We used the following statistical methods to make causal inference of MR Analysis to evaluate the causal relationship between 731 immunophenotypes and THCA:(1)Inverse variance weighting (IVW) (15) was used as the main analysis; (2)Cochran’s Q statistic and MR pleiotropy residual sum and outlier (MR-PRESSO) (16) were used to analyze the heterogeneity of SNPs. (3)MR-Egger (17) and Leave-one-out method were used to analyze the sensitivity of the results. (4) The significant association between immunophenotype and THCA was corrected for false discovery rate (FDR) to control for the proportion of false positives in multiple tests. In addition, according to the IVs generated by THCA GWAS statistical data, reverse MR analysis was conducted to determine whether there was a causal relationship between THCA and immune traits. P<0.05 indicates the potential causal relationship in MR analysis, which is statistically significant. All statistical analyses were conducted using the “Two-Sample MR” package in R 4.3.1 software (http://www.Rproject.org).

3 Results

3.1 Exploration of the causal effect of THCA onset on immunophenotypes

Using two-sample MR analysis to explore the causal effects of THCA onset on immunophenotypes. After a variety of tests and adjustments using the FDR method, 7 immune traits were identified with a difference of 0.05, including 6 in the Treg group and 1 in the B cell group. We found that THCA onset could decrease the level of CD25 on CD39+ CD4 on Treg (OR=0.871, 95% CI=0.812~0.935, P=1.274×10⁻⁴, PFDR= 0.01, Table 1). Activated Treg AC were decreased in THCA patients (OR=0.884, 95% CI=0.820~0.953, P=0.001, PFDR =0.03, Table 1). Activated & resting Treg % CD4 Treg was also found to be decreased (OR=0.872, 95% CI=0.811~0.937,P=2.109×10⁻⁴, PFDR = 0.013, Table 1).

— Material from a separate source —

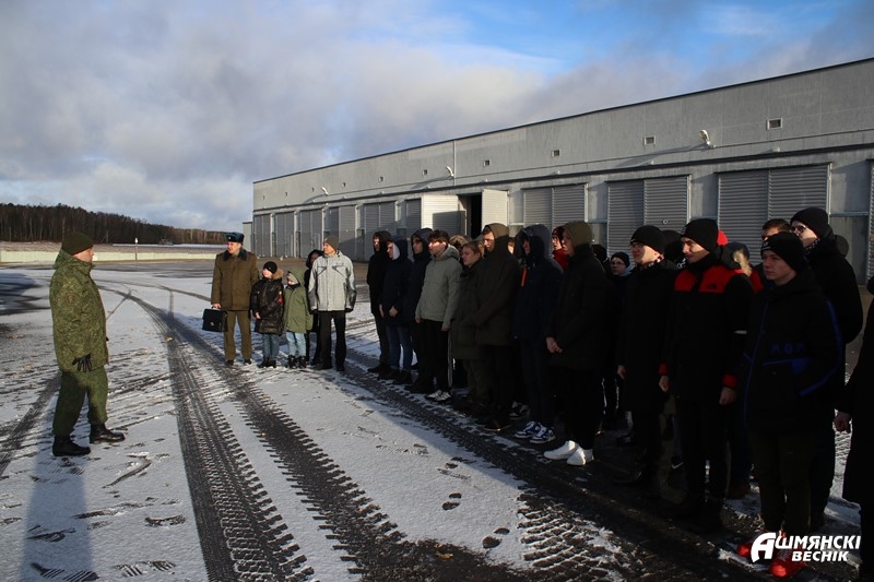 Первой остановкой в экскурсионном дне стал военный городок для полка, который с воздуха защищает Белорусскую атомную электростанцию. Именно там расположена войсковая часть 97106, примечательная своим вооружением: полк первым в Беларуси вооружен зенитно-ракетным комплексом ПВО «Тор-М2», который может бороться с баллистическими воздушными целями и крылатыми ракетами на различных высотах. Школьникам частично было продемонстрировано техническое оснащение части. С большим интересом молодые люди рассматривали огромные боевые автомобили, которые чередой проезжали мимо них. Пожалуй, именно эта часть дня стала одной из самых ярких, по мнению одиннадцатиклассников.

Similar associations were found for CD28- CD25++ CD8br AC (OR=0.867, 95% CI=0.809~0.930, P=6.09×10⁻⁵, PFDR = 0.006, Table 1), and CD28- CD127- CD25++ CD8br AC (OR=0.875, 95% CI=0.814~0.942,P=3.619×10⁻⁴, PFDR = 0.017, Table 1). By contrary, We found that THCA onset could increase the level of Secreting Treg % CD4 Treg (OR=1.143, 95% CI=1.064~1.229, P=2.779×10⁻⁴, PFDR=0.016, Table 1), and CD19 on IgD+ CD24+ (OR=1.118, 95% CI=1.041~1.120, P=0.002, PFDR = 0.048, Table 1). The MR effect of THCA onset on immunophenotypes in different MR method was showed in Figure 1. Visual inspection of funnel plots (Figure 2) and leave-one-out plots (Figure 3) did not reveal any obvious directional pleiotropy.

Table 1

Table 1 MR estimates for the causal effect of THCA onset on immunophenotypes.

Figure 1

Figure 1 (A–G) Scatter plots show the MR effect of THCA onset on immunophenotypes in different MR methods.

Figure 2

Figure 2 (A–G) Leave-one-out plots for the causal effect of THCA onset on immunophenotypes.

Figure 3

Figure 3 (A–G) Funnel plots for the causal effect of THCA onset on immunophenotypes.

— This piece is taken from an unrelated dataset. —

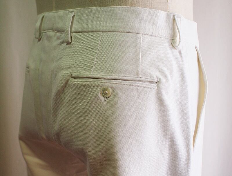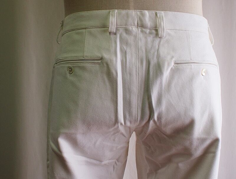 後側は腰上にフィットする2本のダーツ、ボタン留めの両玉縁ポケット、ボタンは全て白の高瀬貝(直径13㎜)を使用

3.2 Exploration of the causal effect of immunophenotypes on THCA

After multiple experimental adjustments based on the FDR method, no immune characteristics at a significance of 0.05 were found. At a significance of 0.20, we detected two immune traits as protective effects against THCA: CD62L on monocyte(cDC panel),with the odds ratio(OR) being estimated to be 0.953 (95% CI=0.930~0.976, P=1.005×10⁻⁴, PFDR=0.073, Table 2), and Resting Treg%CD4 (Treg panel),with the odds ratio(OR) being estimated to be 0.975(95% CI=0.961–0.989,P=7.984×10⁻⁴, PFDR=0.195, Table 2).The MR effect of each exposure on THCA in different MR method was showed in Figure 4. Visual inspection of funnel plots (Figure 5) and leave-one-out plots (Figure 6) did not reveal any obvious directional pleiotropy.

Table 2

Table 2 MR estimates for the causal effect of immunophenotypes on THCA.

Figure 4

Figure 4 (A, B) Scatter plots show the MR effect of immunophenotypes on THCA in different MR methods.

Figure 5

Figure 5 (A, B) Leave-one-out plots for the causal effect of immunophenotypes on THCA.

Figure 6

Figure 6 (A, B) Funnel plots for the causal effect of immunophenotypes on THCA.

4 Discussion

The relationship between the immune system and THCA has always been a research hotspot. THCA is a malignant tumor that occurs in thyroid tissue, and the immune system plays an important role in the development and treatment of THCA. In THCA, immune cell interactions or interactions with cancer cells can exert anti-tumor and pro-tumor functions. In addition, various soluble factors released by immune cells (such as chemokines, cytokines, angiogenic factors, etc.) can also mediate the pro-tumor and anti-tumor effects of immune cells in cancer.

Galdiero et al. proposed that the immune system may be involved in the occurrence of THCA (18). Previous meta-analyses and systematic reviews of observational studies have also demonstrated an association between THCA and certain immune factors (e.g., neutrophils, Natural killer T cells, γδ T cells and innate lymphoid cells) (9, 19). However, observational studies may introduce confounding factors, and they cannot always differentiate between symptoms and etiology. Using genetically predicted causal effects of immunophenotypes on THCA, our results do not align with the previous findings.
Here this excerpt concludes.